What to do –
Taking the data below, please print only the lines from the line holding "3番 カブレラ 左翼二" to the line holding "Tất cả các lỗ", inclusive, with pictures omitted.

┌─ Data for this task

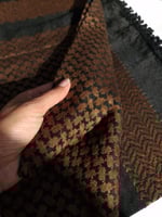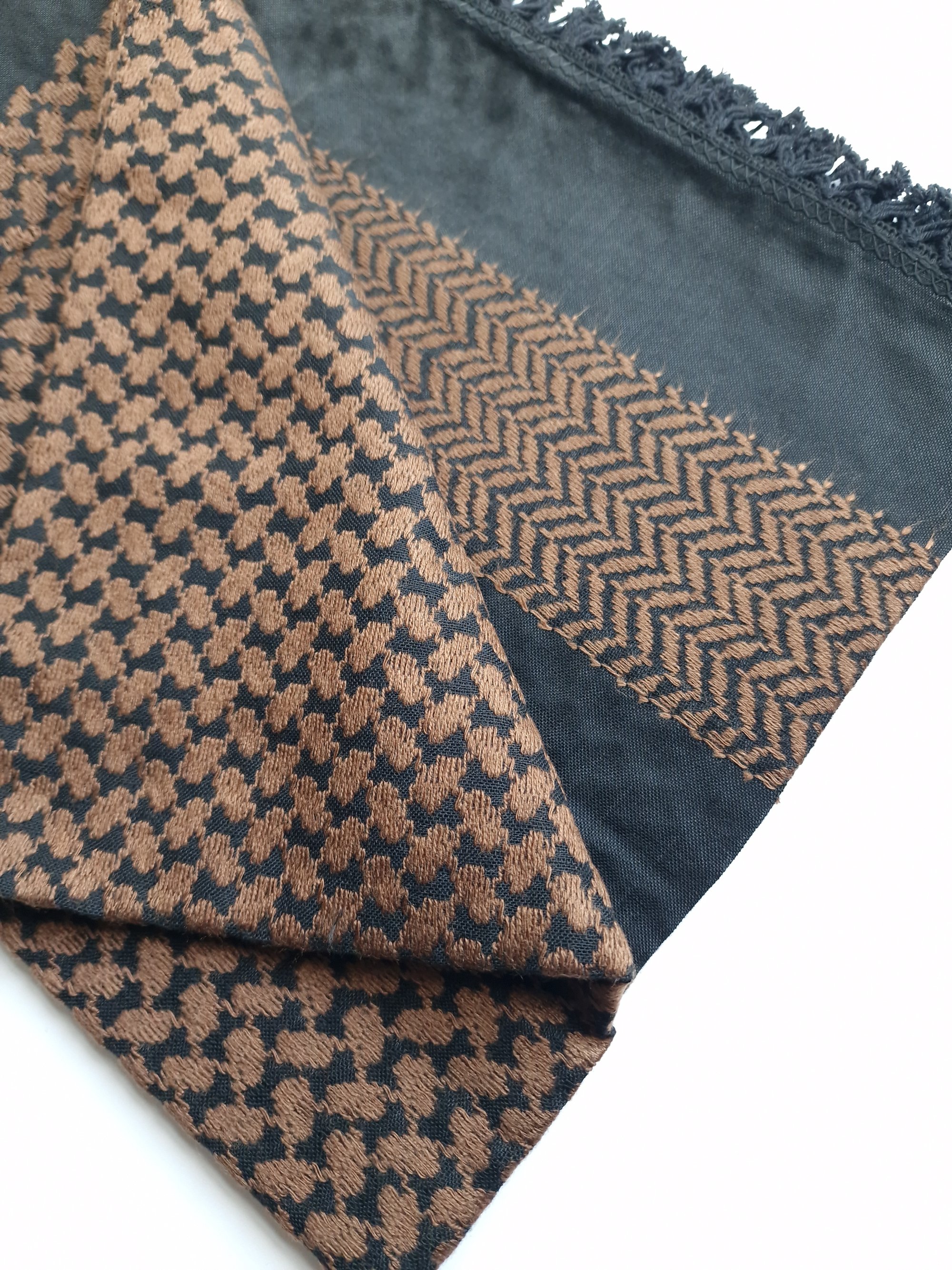 Wrap yourself up in these beautifully made, high quality Palestinian Keffiyeh. Made in Jordan, these stunning Keffiyeh have beautiful shade of brown embroidery against a black background. They are soft to touch and easy to style. A culturally significant emblem, Keffiyehs have become popular around the world as a symbol of solidarity with the Palestinian people and support for the call for peace in the region.
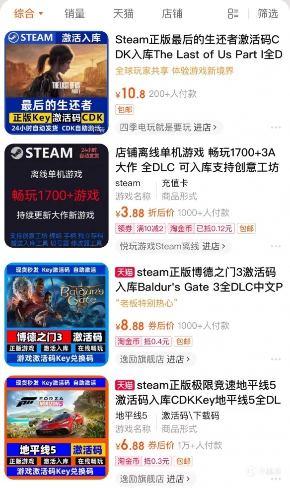 畢竟就像我前面說的那樣,正常情況下你想要上當其實是很難的。因爲你直接在淘寶搜索對應的遊戲名字,彈出來的必然是隻比steam商城標價低幾十塊的正版CDK。
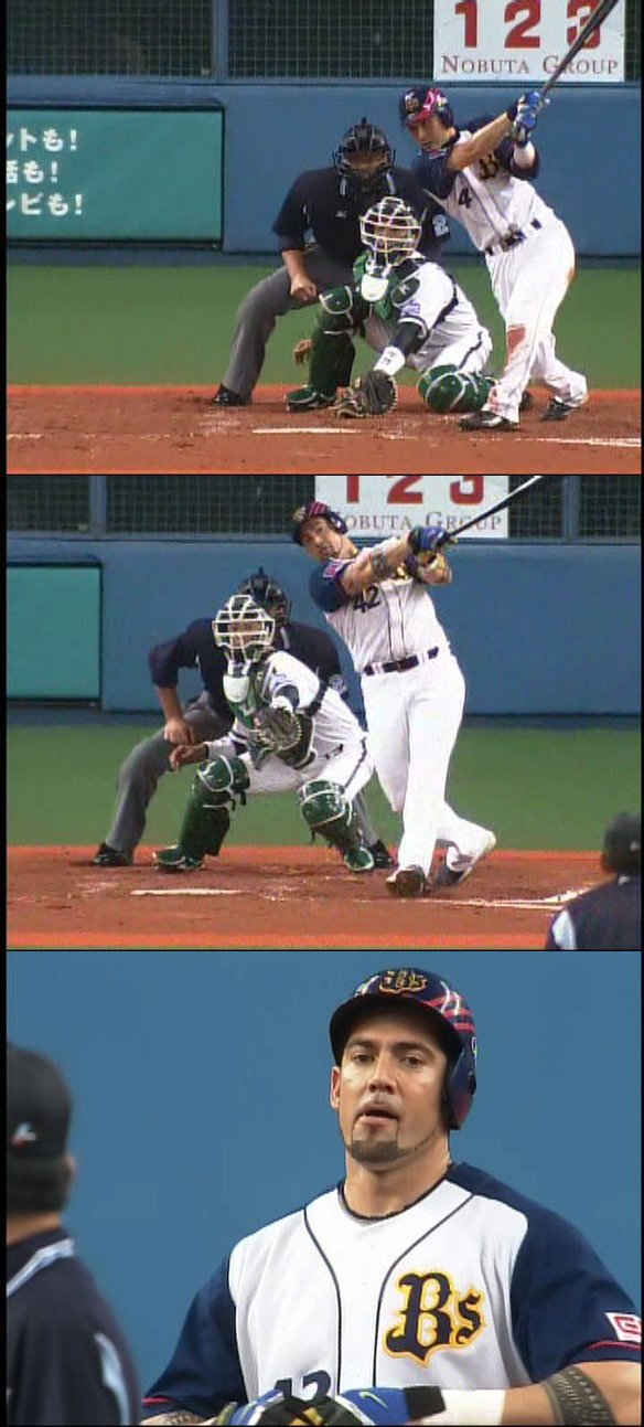 3番 カブレラ 左翼二 フルカウントから1球カットし、真ん中外よりの直球をフルスウィング!強烈な打球がサードの上空を越えて行ったぁ!! バファローズ勝越し!! オ2-1ソ ![]() 2
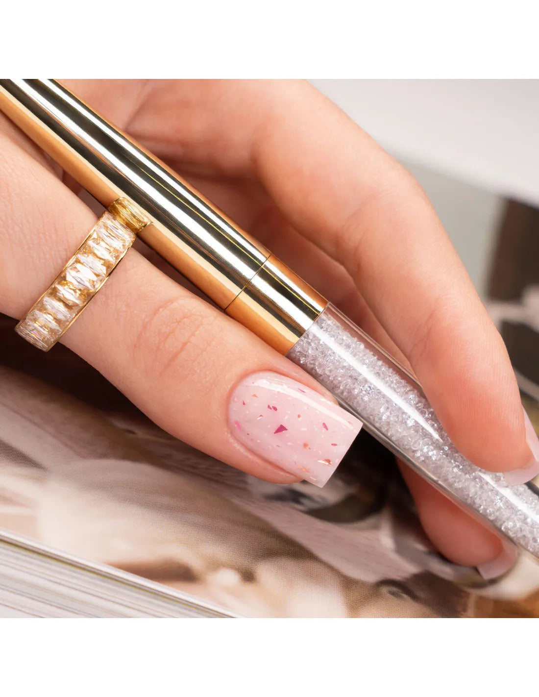 Delicate pink cut foil particles add a subtle, light-catching shimmer that enhances even the simplest style.
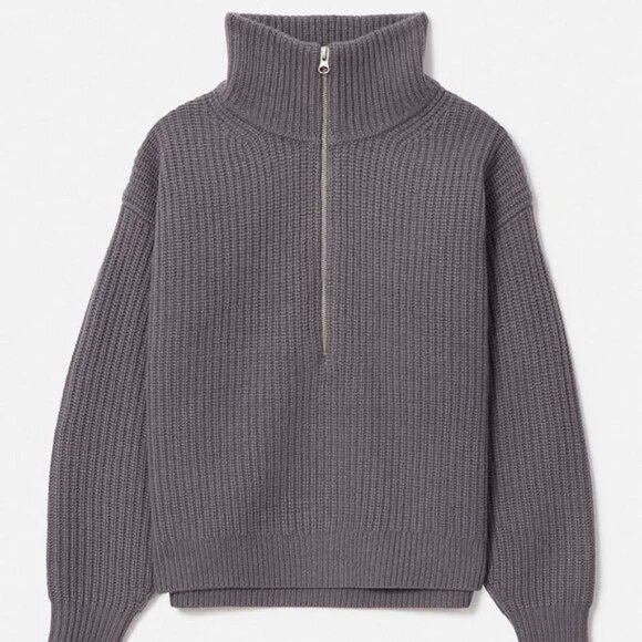 Everlane The Half-Zip Sweater in Luxe Merino - Plum Grey Medium
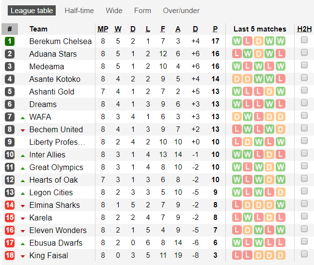 Berekum Chelsea go top of Ghana Premier League after 8 games
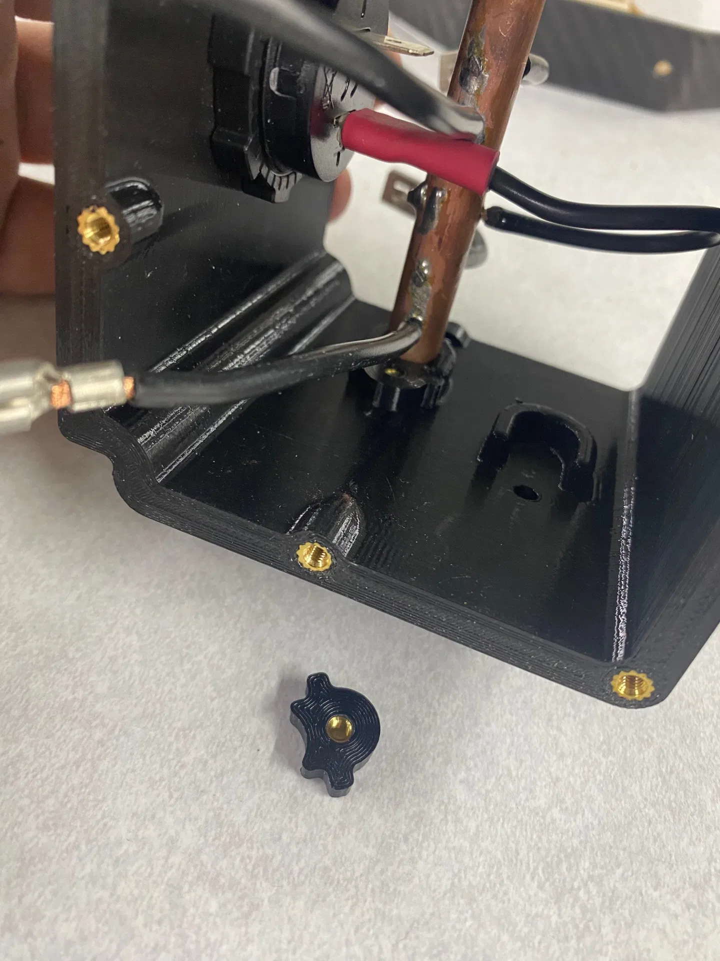 Tất cả các lỗ 4.4mm đều dùng vít cấy nhiệt M3 (heat set insert). Tôi đã đo và dùng loại này, nhưng tôi tin là các loại tương tự cũng vừa. Các vị trí cấy đều sâu tối thiểu 5mm. MẸO: sau khi cấy xong, hãy dùng một khối kim loại phẳng ấn nhẹ lên bề mặt nhựa nóng chảy xung quanh và vít cấy để làm phẳng ngay lập tức. Việc này giúp bạn không cần dùng dao, đục hay chà nhám mà vẫn có bề mặt khớp hoàn hảo.
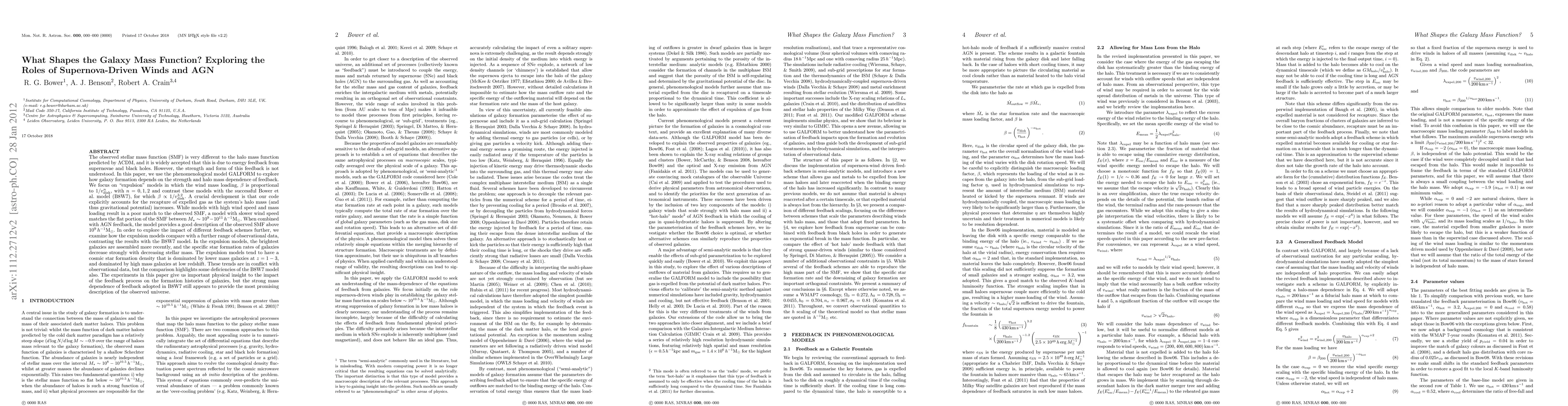 This paper uses the GALFORM model to investigate how supernova-driven winds and AGN feedback shape the galaxy mass function, finding that high mass loading with moderate wind speed fits the observed SMF. However, it highlights discrepancies between expulsion models and observational data, suggesting that the B8W7 model still offers the best match to the observed universe.
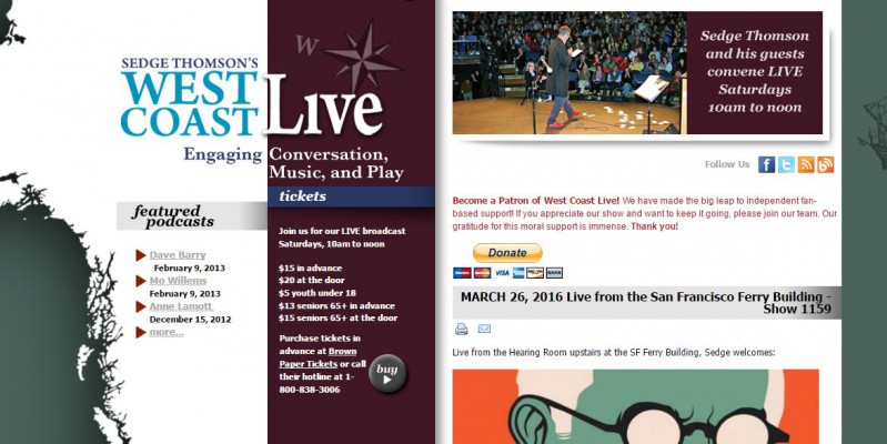 Greil Marcus will be on West Coat Live, Saturday March 26 at 11 A.M. PST on KALW-FM (and syndicated), discussing Real Life Rock: The Complete Top 10 Columns 1986-2014 and Three Songs, Three Singers, Three Nations. (Also on the bill: Wes “Scoop” Nisker, the great counter-culture newscaster from KSAN in the ’60s, whose sign off was “If you don’t like the news, go out and make some of your own.”)
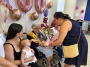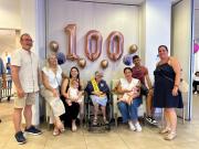 En El Campello se vive bien… y mucho. Ayer, otra mujer se sumó a la cada vez más larga lista de residentes centenarios, y lo hizo rodeada de una parte de sus familiares, el personal que le atiende en la Residencia Orpea, y la concejala de Mayores, Maricarmen Alemañ, que participó de la fiesta con la entrega de un ramo de flores en nombre del pueblo.
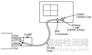 為滿足第1條要求,測量連線應(yīng)盡量短,并采用雙絞線(消除共模噪聲干擾)或同軸電纜;一般的示波器探頭不能用,需用專用示波器探頭;并且測量點(diǎn)應(yīng)在電源輸出端上,若測量點(diǎn)在負(fù)載上則會(huì)造成極大的測量誤差。為滿足第2點(diǎn),負(fù)載應(yīng)采用阻性假負(fù)載。
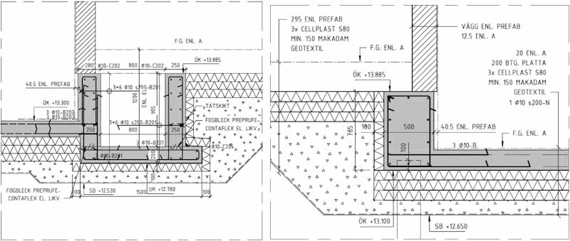 Arbetet inkluderade val och utformning av grundsystem, exempelvis bottenplatta med kantbalkar eller pålad lösning, samt framtagning av armeringsritningar, sektioner och konstruktionsdetaljer. Hänsyn togs till laster från flerbostadshusets omfattning, brandkrav och fuktsäkerhet.

└─

Task result –
 3番 カブレラ 左翼二 フルカウントから1球カットし、真ん中外よりの直球をフルスウィング!強烈な打球がサードの上空を越えて行ったぁ!! バファローズ勝越し!! オ2-1ソ ![]() 2
 Delicate pink cut foil particles add a subtle, light-catching shimmer that enhances even the simplest style.
 Everlane The Half-Zip Sweater in Luxe Merino - Plum Grey Medium
 Berekum Chelsea go top of Ghana Premier League after 8 games
 Tất cả các lỗ 4.4mm đều dùng vít cấy nhiệt M3 (heat set insert). Tôi đã đo và dùng loại này, nhưng tôi tin là các loại tương tự cũng vừa. Các vị trí cấy đều sâu tối thiểu 5mm. MẸO: sau khi cấy xong, hãy dùng một khối kim loại phẳng ấn nhẹ lên bề mặt nhựa nóng chảy xung quanh và vít cấy để làm phẳng ngay lập tức. Việc này giúp bạn không cần dùng dao, đục hay chà nhám mà vẫn có bề mặt khớp hoàn hảo.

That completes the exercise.